It’s great to have
Peter McAfee SM visiting on his way back to New Zealand. Pete’s been the
formator and superior in the Marist formation house in Brazil for the last two
years. Prior to that he was novice master here in Mexico, at the ex-hacienda La
Jordana.
The Marist Formation House here in Toluca has opened. There are five of us in the community - Fr Juan Carlos, the Mexican Marist who is in charge of formation, me as socius and three new seminarians who will study Philosophy at Toluca Diocesan Seminary. More on this in my next post.
I was able to take a
couple of days off last week, so we went off to Acapulco. We caught a bus from
the terminal at 1.00am. Fortunately it was a luxury service – extra comfy seats
and no stops – so we arrived into a grey drizzly Acapulco at 7.30am having had
a couple of hours sleep. Pete woke me up saying we’d just travelled down
Ngauranga Gorge (the entrance into Wellington).
Acapulco has some
similarities to Wellington – it’s a circular bay surrounded by hills. Unlike
Wellington it has golden sand beaches framed by high-rise hotels and condominiums.

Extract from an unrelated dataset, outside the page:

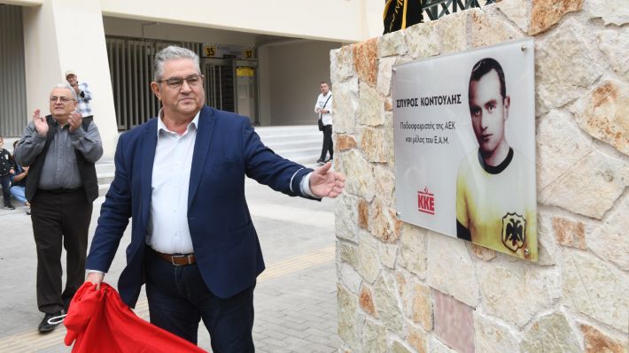 Πλήθος κόσμου συγκεντρώθηκε στον περιβάλλοντα χώρο του γηπέδου της ΑΕΚ, όπου έγιναν τα αποκαλυπτήρια τιμητικής πλακέτας στη μνήμη του Σπύρου Κοντούλη, αγωνιστή της ΕΑΜικής αντίστασης και θρυλικού ποδοσφαιριστή της ΑΕΚ. Η αποκάληψη της πλακέτας έγινε από τον ΓΓ της ΚΕ του ΚΚΕ, Δημήτρη Κουτσούμπα.

It’s also warm – it was over 30 degrees Celsius. The bay is also heavily
polluted.
Some of the food was a bit krap! |
After breakfast –
pancakes – in a café called “The Parish”, we caught a taxi to Pie de la Cuesta
(The Foot of the Hill) over the hill from Acapulco. Pie de la Cuesta is an
ocean beach. And obligingly the sun came out. We spent the next couple of days
lazing on the beach. The rooms we stayed in were basic, but adequate – bed,
toilet, fan. There was a pool, but the water looked just a bit dodgy, so we
swam in the ocean. All this for NZ$28 a night – food and drinks extra! We ate
on the beach – grilled whole fish, rice and tortillas and salsa.
It's not all tough on the mission - the wine isn't Mission either! You may recognize the chap in the background. |
The first day we took
refuge from the sun at a table under a palm leaf shelter. No other customers. Eventually
an elderly gent shuffled out and offered us a drink. We ordered beers – Coronas
(which I’ve never had served with lemon slices here!) 30 pesos each ($2.80) – a
bit steep for Mexico. He explained we were also renting the shade! The second beer –
some time later – cost 25 pesos. We must have paid for the shade. In the
afternoon same shelter, same old gent – two Coronas: $40 pesos! I questioned it
– it was for the shelter. I pointed out that we’d been there in the morning –
the only customers all day. No price change. I said we were going to stay a
couple of days and wouldn’t be back if he charged us that. No price change…
The next day we
discovered the hotel we were staying in had its own shelter and chairs. So we
sat there – right next to the old fella’s shelter.
On Thursday we headed
back into Acapulco and stayed at the Hotel California. A strange place – again
basic but adequate. It’s run by an American and seems to attract elderly
American men. Some looked like ex-Army. I guess they live better there than in
the States. It was certainly cheap enough - $11.30 the night for our rooms.
La Quebrada - the cliff the divers jump off. The lights at the top are the shrine to Guadalupe |
Can you make out the divers? |
In the evening we
wandered up the hill to where the famous divers perform. It was quite a show.
Five or six young men parade through the crowd, climb a 35 metre cliff in front
of the viewing area. There they say a brief prayer at a shrine of Our Lady of
Guadalupe and then one by one dive off. It’s quite dramatic – the setting of
craggy cliffs overlooking the ocean, the sea crashing up very narrow inlet, the
evident danger and the youth of the divers (between 12 and 25 years old). It’s
very Mexican – grace and danger with a splash of machismo.